#### [Task brief]
Write out the line with "- Automatically Delete" and every later line through the end of the data below, exactly as given, with no pictures in the copy.

#### [Supplied data]
--- START ---

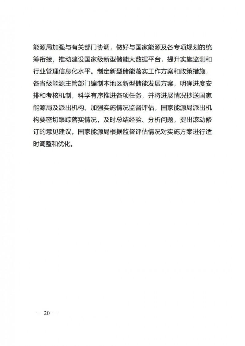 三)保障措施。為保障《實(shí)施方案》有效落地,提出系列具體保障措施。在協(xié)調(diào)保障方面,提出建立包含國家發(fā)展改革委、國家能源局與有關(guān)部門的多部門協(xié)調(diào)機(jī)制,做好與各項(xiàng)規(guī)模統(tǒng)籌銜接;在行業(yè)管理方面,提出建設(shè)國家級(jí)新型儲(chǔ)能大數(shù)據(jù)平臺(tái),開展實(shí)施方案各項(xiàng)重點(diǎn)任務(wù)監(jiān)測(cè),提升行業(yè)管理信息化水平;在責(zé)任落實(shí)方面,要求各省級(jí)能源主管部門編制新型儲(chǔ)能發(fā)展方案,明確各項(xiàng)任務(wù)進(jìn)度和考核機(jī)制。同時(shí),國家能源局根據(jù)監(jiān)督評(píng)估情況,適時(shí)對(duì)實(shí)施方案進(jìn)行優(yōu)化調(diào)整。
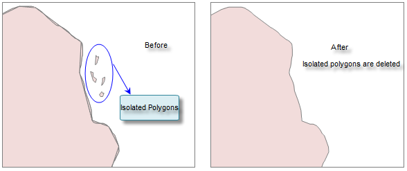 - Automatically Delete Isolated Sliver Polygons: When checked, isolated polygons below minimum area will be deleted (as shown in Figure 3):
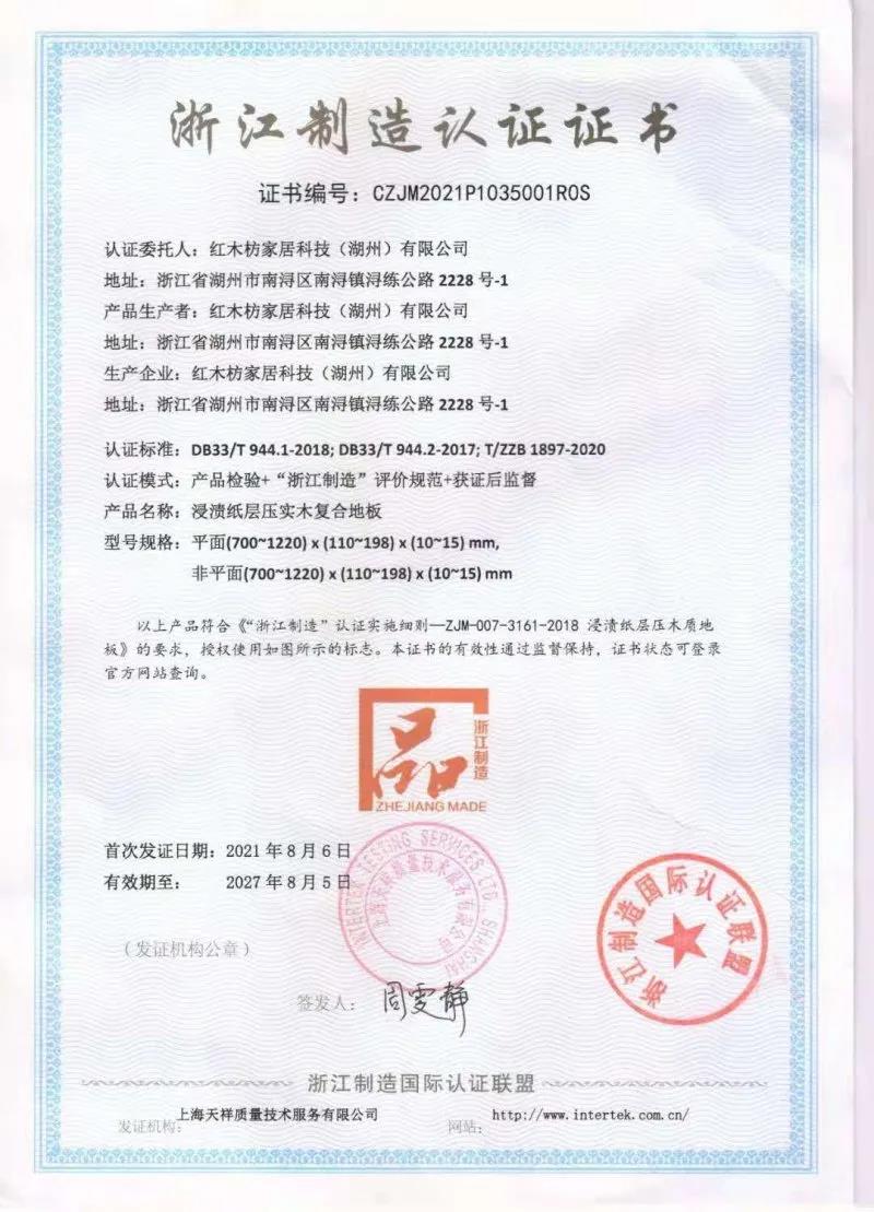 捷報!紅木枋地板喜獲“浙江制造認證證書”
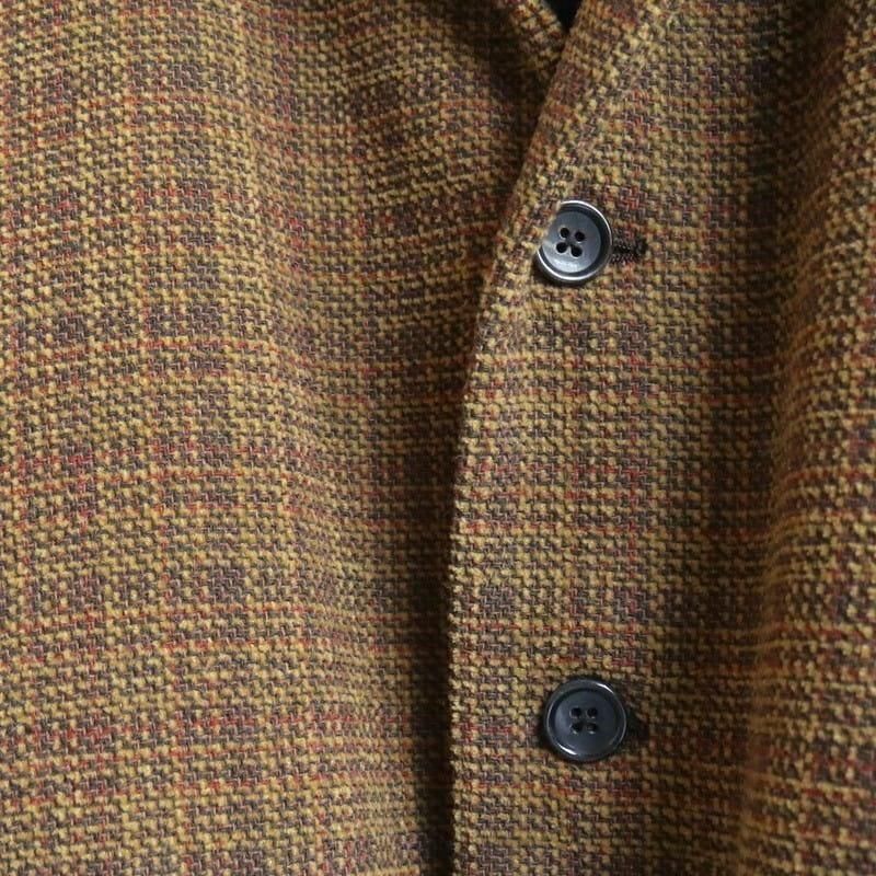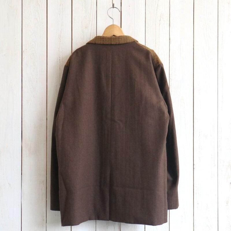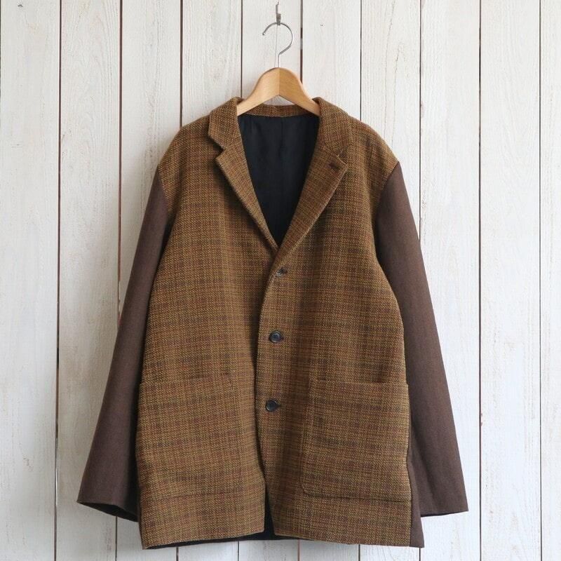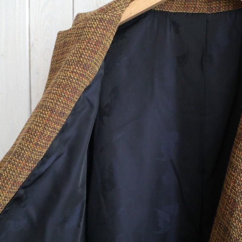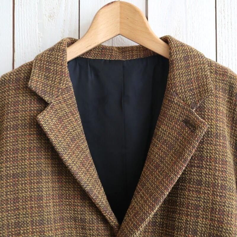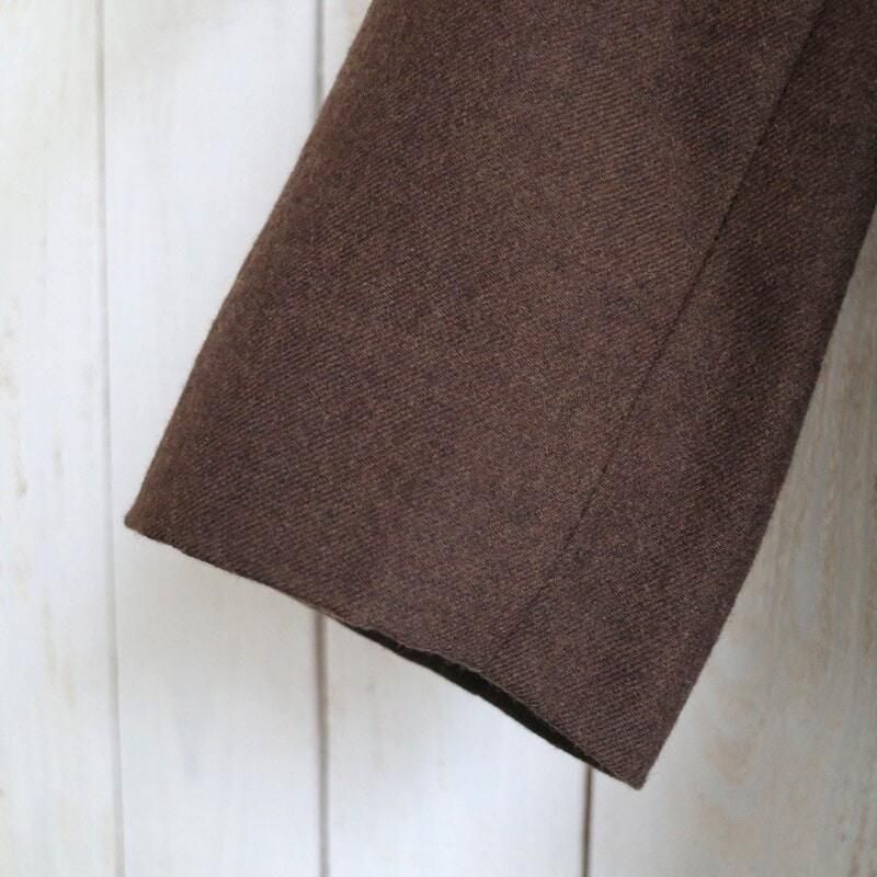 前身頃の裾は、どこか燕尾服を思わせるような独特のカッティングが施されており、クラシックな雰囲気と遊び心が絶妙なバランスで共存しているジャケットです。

--- END ---

#### [Answer to the problem]
 - Automatically Delete Isolated Sliver Polygons: When checked, isolated polygons below minimum area will be deleted (as shown in Figure 3):
 捷報!紅木枋地板喜獲“浙江制造認證證書”
 前身頃の裾は、どこか燕尾服を思わせるような独特のカッティングが施されており、クラシックな雰囲気と遊び心が絶妙なバランスで共存しているジャケットです。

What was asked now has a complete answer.